S2EC - enhanced spectroelectrochemistry with lossy-mode resonance
optical fiber sensor
Abstract
Spectroelectrochemical (SEC) measurements are widely applied in
analytical chemistry. Transparent or semitransparent electrodes are
typically used for optical analysis of the electrochemical (EC)
processes, where mainly EC readout indicates the state of the electrode
while changes in transmitted optical spectrum help to identify products
of the EC reactions. In this work, we propose SEC measurements enhanced
by additional optical monitoring of the electrode. In this setup, an
optical fiber sensor or rather a section of the polymer-clad silica
multimode fiber core coated with a thin conductive oxide, i.e., indium
tin oxide (ITO), acts also as the electrode. The properties of the film
were appropriately tailored to give rise to the lossy-mode resonance
(LMR) phenomenon and therefore, except for the SEC readouts, optical
monitoring of the electrode was simultaneously possible. The LMR
response depends on the properties of the ITO and the optical properties
of the surrounding medium. Thus, in the proposed setup, three
interrogation readouts may be received, i.e., EC, optical spectrum
corresponding to the volume of the analyte as for standard SEC, and the
LMR spectrum dependent on the state of the sensor/electrode surface. It
must be noted that the optical measurements are performed in two,
separate, perpendicularly arranged, spectrophotometric paths with the EC
activation (S2EC).

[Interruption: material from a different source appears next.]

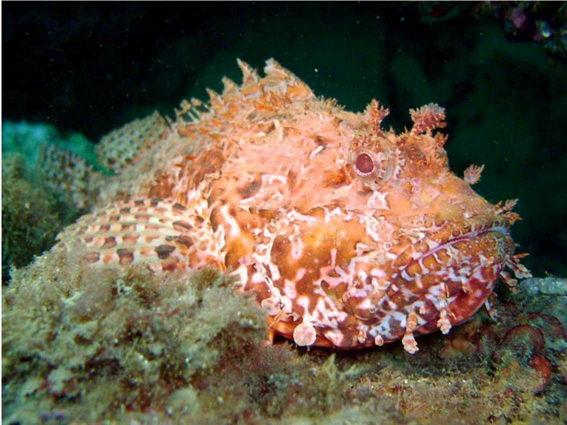
A scorpion fish (Scorpaenidae) in the Mediterranean sea, near Escala, Spain

In this work, the three readouts
have been correlated and compared to the application of other working
electrodes applied in standard SEC, such as platinum mesh and ITO-coated
glass slide. First, every interrogation path was investigated
individually during the cyclic voltammetry (CV) with two metal ion
oxidation-reduction reaction (redox) probes, such as potassium
ferricyanide and methylene blue. Then simultaneous measurements during
chronoamperometry (CA) were conducted with the sensor and
cross-correlation between the readouts had been discussed. By combining
the sensing techniques an enhancement in the amount of gathered
information about the analyte has been achieved.